[What the task asks]
Could you repeat, word for word, every line from the one containing "10月18日下午5时,湖南永" through the final line of the records below, and nothing else?

[Data]
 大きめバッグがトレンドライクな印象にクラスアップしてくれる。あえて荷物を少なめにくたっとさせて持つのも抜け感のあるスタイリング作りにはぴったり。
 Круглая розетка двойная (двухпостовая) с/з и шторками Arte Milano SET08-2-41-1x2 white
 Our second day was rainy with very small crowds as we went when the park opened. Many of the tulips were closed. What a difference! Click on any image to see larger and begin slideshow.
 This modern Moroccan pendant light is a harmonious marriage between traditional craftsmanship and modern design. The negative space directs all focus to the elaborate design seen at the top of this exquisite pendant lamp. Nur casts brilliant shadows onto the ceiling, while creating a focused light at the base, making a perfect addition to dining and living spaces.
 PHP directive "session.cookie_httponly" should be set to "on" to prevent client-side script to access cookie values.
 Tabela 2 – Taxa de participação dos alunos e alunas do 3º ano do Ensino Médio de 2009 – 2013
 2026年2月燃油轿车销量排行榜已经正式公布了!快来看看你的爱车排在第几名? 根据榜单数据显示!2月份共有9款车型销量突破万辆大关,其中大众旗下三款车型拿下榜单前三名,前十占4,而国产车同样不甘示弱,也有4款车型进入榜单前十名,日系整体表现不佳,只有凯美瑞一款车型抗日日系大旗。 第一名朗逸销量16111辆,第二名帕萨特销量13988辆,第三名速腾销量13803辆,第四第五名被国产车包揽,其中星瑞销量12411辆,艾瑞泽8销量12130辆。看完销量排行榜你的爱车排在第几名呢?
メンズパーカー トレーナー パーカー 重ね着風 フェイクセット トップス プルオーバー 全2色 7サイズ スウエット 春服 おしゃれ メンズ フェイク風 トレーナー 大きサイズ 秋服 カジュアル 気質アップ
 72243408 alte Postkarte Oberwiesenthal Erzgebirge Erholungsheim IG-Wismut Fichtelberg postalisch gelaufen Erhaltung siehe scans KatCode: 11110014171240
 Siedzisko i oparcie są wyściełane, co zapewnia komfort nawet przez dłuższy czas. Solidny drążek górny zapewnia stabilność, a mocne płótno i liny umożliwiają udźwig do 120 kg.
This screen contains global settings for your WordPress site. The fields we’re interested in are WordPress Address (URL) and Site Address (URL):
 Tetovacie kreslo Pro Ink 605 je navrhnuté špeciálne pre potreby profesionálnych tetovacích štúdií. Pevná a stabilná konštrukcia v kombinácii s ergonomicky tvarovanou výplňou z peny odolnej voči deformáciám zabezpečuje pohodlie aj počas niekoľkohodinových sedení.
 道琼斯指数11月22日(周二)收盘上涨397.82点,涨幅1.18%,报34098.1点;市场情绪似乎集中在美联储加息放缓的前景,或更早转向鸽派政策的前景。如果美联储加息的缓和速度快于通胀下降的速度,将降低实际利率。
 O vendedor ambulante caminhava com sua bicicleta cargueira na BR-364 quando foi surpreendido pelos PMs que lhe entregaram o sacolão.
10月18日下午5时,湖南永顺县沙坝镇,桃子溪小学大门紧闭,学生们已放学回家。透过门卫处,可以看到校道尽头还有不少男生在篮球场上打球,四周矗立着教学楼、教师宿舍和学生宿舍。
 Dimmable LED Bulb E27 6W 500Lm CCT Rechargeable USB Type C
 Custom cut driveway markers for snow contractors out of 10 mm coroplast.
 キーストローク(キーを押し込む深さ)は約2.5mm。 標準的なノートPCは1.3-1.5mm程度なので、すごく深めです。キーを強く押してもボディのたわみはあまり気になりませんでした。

[Worked solution]
10月18日下午5时,湖南永顺县沙坝镇,桃子溪小学大门紧闭,学生们已放学回家。透过门卫处,可以看到校道尽头还有不少男生在篮球场上打球,四周矗立着教学楼、教师宿舍和学生宿舍。
 Dimmable LED Bulb E27 6W 500Lm CCT Rechargeable USB Type C
 Custom cut driveway markers for snow contractors out of 10 mm coroplast.
 キーストローク(キーを押し込む深さ)は約2.5mm。 標準的なノートPCは1.3-1.5mm程度なので、すごく深めです。キーを強く押してもボディのたわみはあまり気になりませんでした。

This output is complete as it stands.